At the line containing "我们齐聚在沙家浜耸立起的巨型", begin an exact copy of the lines below and continue through the final one, with no pictures.

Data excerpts
=== Begin Enclosure ===
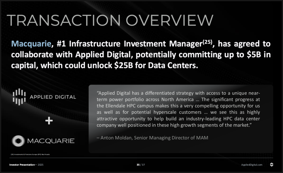 또한 이번 계약은 어플라이드 디지털이 최근 보이고 있는 가파른 확장 흐름의 연장선상에 있습니다. 앞서 코어위브(CoreWeave)와 150MW 규모의 임대 계약을 체결했고, 맥쿼리 자산운용(Macquarie Asset Management)과 50억 달러 규모의 AI 인프라 금융 파트너십도 맺었습니다.
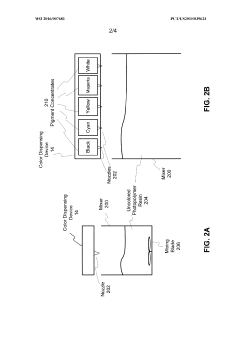 Cross-linking chemistry improvements have led to more robust color fixation within polymer matrices. Advanced cross-linking agents now enable stronger bonds between colorants and base materials, preventing color migration and leaching that previously plagued volumetric color printing. These chemical innovations ensure that colors remain fixed in their intended positions throughout the complex volumetric printing process, even when multiple colors are introduced simultaneously.
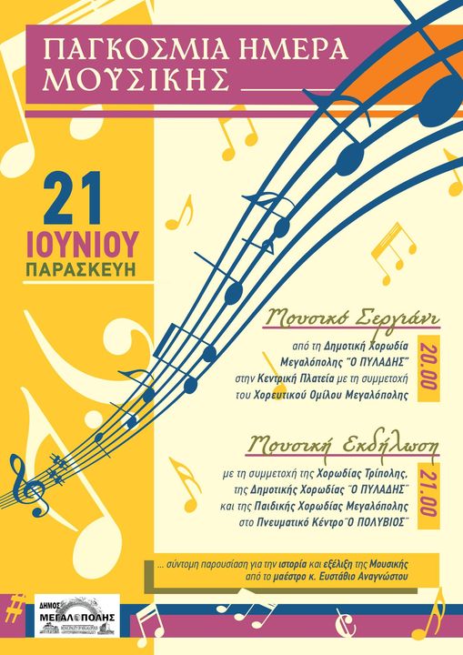 Ο δήμος Μεγαλόπολης τιμά την παγκόσμια ημέρα μουσικής στις 21 Ιουνίου 2024. Στις 20:00 η δημοτική χορωδία θα τραγουδήσει στη κεντρική πλατεία της Μεγαλόπολης ( ξεκινώντας από το ΚΟΧΙΜΠΑ και περπατώντας στους δυο πεζόδρομους θα καταλήξει μπροστά στο ηρώο όπου θα συμπράξει με τον χορευτικό όμιλο Μεγ/λης ). Με το τέλος αυτού του δρώμενου η χορωδία θα κατευθυνθεί πεζή στο πνευματικό κέντρο όπου στις 21:00 θα ξεκινήσει η εκδήλωση με τη συμμετοχή 3 χορωδιών. Η καλλιτεχνική δημιουργία της αφίσας είναι του μέλους της χορωδίας Αργύρη Τσιμπιρίμπη.ΝΑ ΕΙΣΤΕ ΟΛΟΙ ΕΚΕΙ!!!
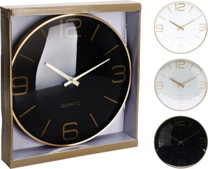 Nástenné hodiny Napájanie z batérie Rozmery 250 MM Puzdro v tvare kruhu Plastové puzdro ČIERNA farba púzdra Ručičkový ciferník Čierna farba ciferníka Ciferník s arabskými číslami
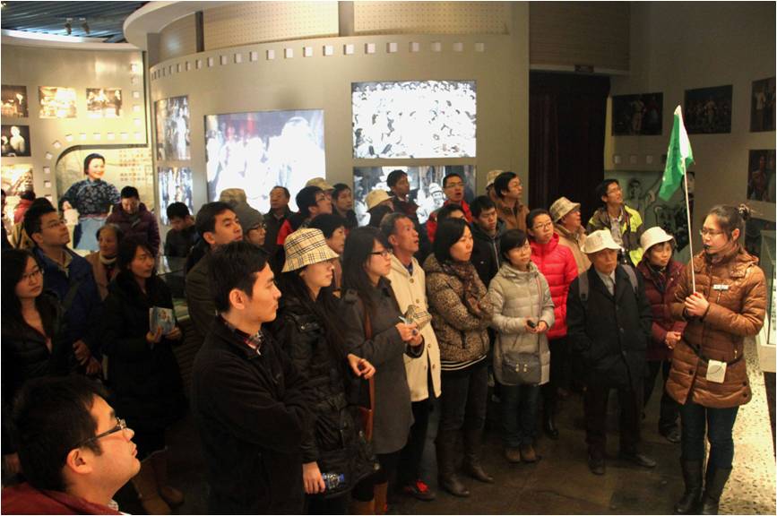 我们齐聚在沙家浜耸立起的巨型群雕广场上,以无比虔诚的心情瞻仰了屹立于广场中央的以“郭建光”、“阿庆嫂”等形象为主创的大型雕塑,它栩栩如生地展示了军民鱼水情深,共同抗敌的坚强意志,广场两边18根柱雕,象征新四军伤病员如泰山顶上棵棵参天的青松,挺拔而富有活力,确实给了我以巨大的感染力和震撼力。随后,与大家共同参观了经重建的“沙家浜革命历史纪念馆”。纪念馆以紧扣爱国主义教育和革命传统教育为两大主题,主要展示了沙家浜的革命历史、新四军在这里开展抗日游击战的战斗历程、后方医院伤病员养伤的情况、真实生动地反映了沙家浜的革命斗争史实;认真观看了以“建党及大革命时期”、“土地革命战争时期”、“抗日战争时期”、“解放战争时期”、“今日沙家浜”等为主题的五大部分内容的展览,在认真听讲解员的讲解下,了解了当时生活的艰辛,抗战道路的曲折坎坷,了解了在取得胜利的过程中孕育出现了优秀的事件和英雄,尤其是纪念馆里陈列的400多幅有关沙家浜地区革命斗争历史照片和60多件革命文物,以其丰富的内容和详实的史料。
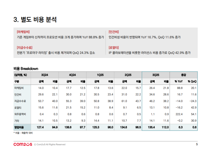 • 주력 타이틀과 신규 출시 게임의 마케팅비가 동시에 확대되며 비용 부담 증가
=== End Enclosure ===
REPLY TO THE TASK:
 我们齐聚在沙家浜耸立起的巨型群雕广场上,以无比虔诚的心情瞻仰了屹立于广场中央的以“郭建光”、“阿庆嫂”等形象为主创的大型雕塑,它栩栩如生地展示了军民鱼水情深,共同抗敌的坚强意志,广场两边18根柱雕,象征新四军伤病员如泰山顶上棵棵参天的青松,挺拔而富有活力,确实给了我以巨大的感染力和震撼力。随后,与大家共同参观了经重建的“沙家浜革命历史纪念馆”。纪念馆以紧扣爱国主义教育和革命传统教育为两大主题,主要展示了沙家浜的革命历史、新四军在这里开展抗日游击战的战斗历程、后方医院伤病员养伤的情况、真实生动地反映了沙家浜的革命斗争史实;认真观看了以“建党及大革命时期”、“土地革命战争时期”、“抗日战争时期”、“解放战争时期”、“今日沙家浜”等为主题的五大部分内容的展览,在认真听讲解员的讲解下,了解了当时生活的艰辛,抗战道路的曲折坎坷,了解了在取得胜利的过程中孕育出现了优秀的事件和英雄,尤其是纪念馆里陈列的400多幅有关沙家浜地区革命斗争历史照片和60多件革命文物,以其丰富的内容和详实的史料。
 • 주력 타이틀과 신규 출시 게임의 마케팅비가 동시에 확대되며 비용 부담 증가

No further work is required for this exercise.